Copy the lines of the data below exactly, starting at the first and stopping after the line that contains "1983年年历画孔雀图,清·沈铨(老年画挂画)"; include no pictures.

### Exercise inputs:
# # #

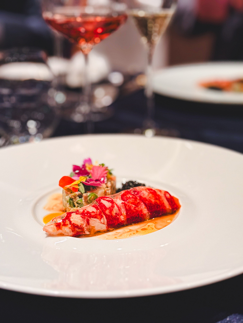 さわやかなにわとこのジュレを纏った美しいオマールブルーの赤色が映える一皿。
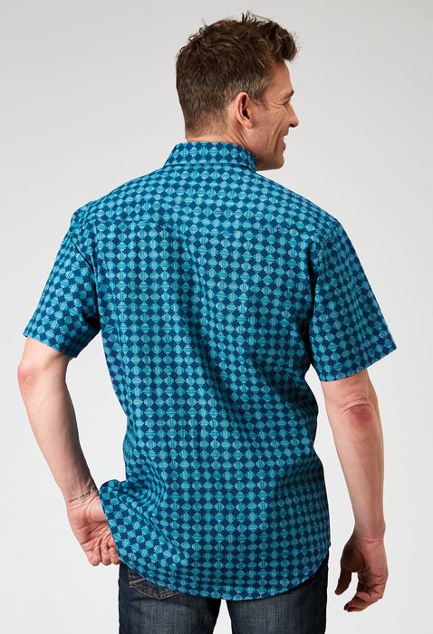 Men's Short Sleeve Shirt * Allover Print On 100% Cotton Poplin * 1 Pt Curved F/B Yokes * Shaped 1 Pt Pockets & Flaps * Pearl Snap Front * Garment Washed
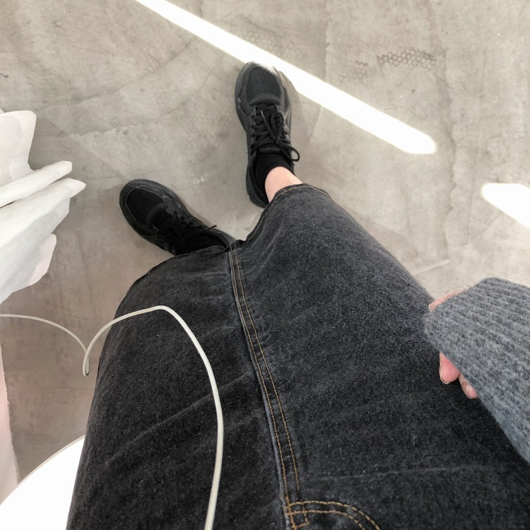 Introducing the new 2023 Spring-Summer Collection's elongated casual denim skirt. a perfect expression of casual style! Fashioned from premium quality denim. this versatile skirt features a high-waisted silhouette and a sleek slim fit for optimal comfort. With its unique stonewashed distressed pattern and zipper & button closure. this casual skirt is the ideal choice for any occasion.
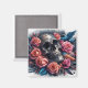 Trabalho de arte insípida com um crânio lindamente detalhado, adorado com rosas, penas e um pássaro azul vibrante, simbolizando o contraste entre vida, morte, beleza e transformação em um arranjo artístico elegante.
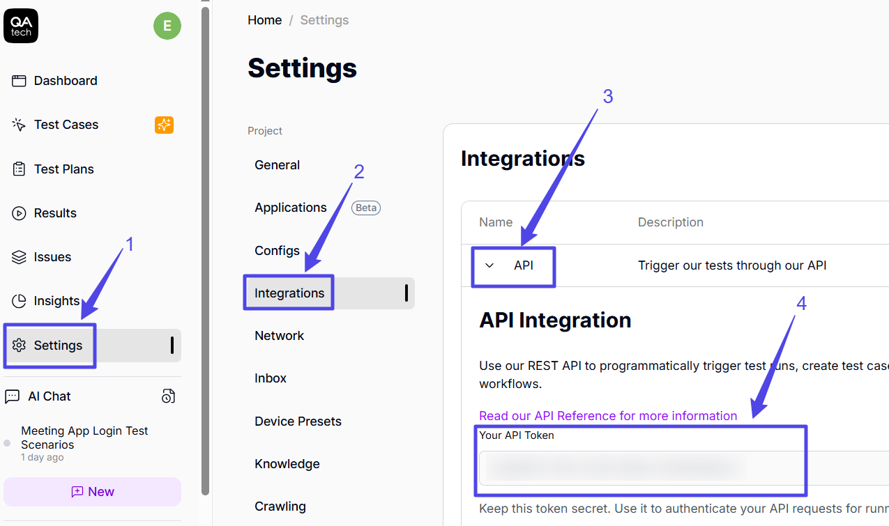 Click “Settings” in the side menu and select “Integrations.” Then click “API” and copy your secret token.
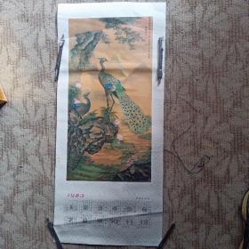 1983年年历画孔雀图,清·沈铨(老年画挂画)
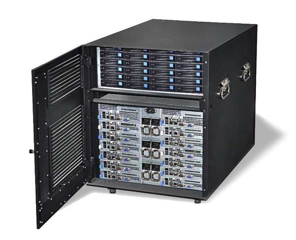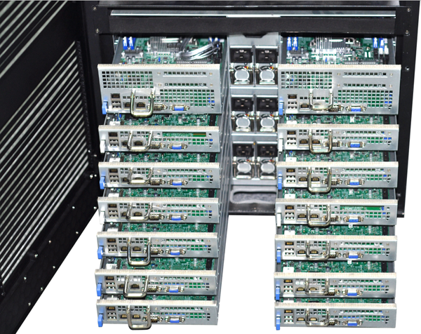 尊龙凯时人生就是搏融合一体机就是解决环境使用问题而推出的综合性计算产品,它不需要专业的机房设施,不需要专业的配电和空调设备,放在办公室或实验室接墙电就可使用, 具有低噪音、低功耗等特点。最高可以安装14个双路XEON E5 处理器的刀片服务器,48个外置热插拔硬盘存储,内置一个万兆网络交换机安装空间,带有整体状态显示和控制系统,内部散热和防尘处理。专为办公室应用环境 设计,它在众多方面超越了传统机架式服务器、刀片服务器和机群服务器,是高稳定、高性能、低环境要求的新一代桌边型高性能计算机。它采用整体优化的设计, 有效降低了系统功耗,再加上其人性化的设计、很强的系统扩展能力、卓越的性价比和计算密度,可以覆盖更广泛的个人及工作组用户对高性能计算的需求,与传统 的高性能计算机相比,尊龙凯时人生就是搏融合一体机可给予更有竞争力的整体解决方案,是更好满足中小高性能计算需求的理想平台。下图为14个刀片打开效果图:

# # #

### Task response:
 さわやかなにわとこのジュレを纏った美しいオマールブルーの赤色が映える一皿。
 Men's Short Sleeve Shirt * Allover Print On 100% Cotton Poplin * 1 Pt Curved F/B Yokes * Shaped 1 Pt Pockets & Flaps * Pearl Snap Front * Garment Washed
 Introducing the new 2023 Spring-Summer Collection's elongated casual denim skirt. a perfect expression of casual style! Fashioned from premium quality denim. this versatile skirt features a high-waisted silhouette and a sleek slim fit for optimal comfort. With its unique stonewashed distressed pattern and zipper & button closure. this casual skirt is the ideal choice for any occasion.
 Trabalho de arte insípida com um crânio lindamente detalhado, adorado com rosas, penas e um pássaro azul vibrante, simbolizando o contraste entre vida, morte, beleza e transformação em um arranjo artístico elegante.
 Click “Settings” in the side menu and select “Integrations.” Then click “API” and copy your secret token.
 1983年年历画孔雀图,清·沈铨(老年画挂画)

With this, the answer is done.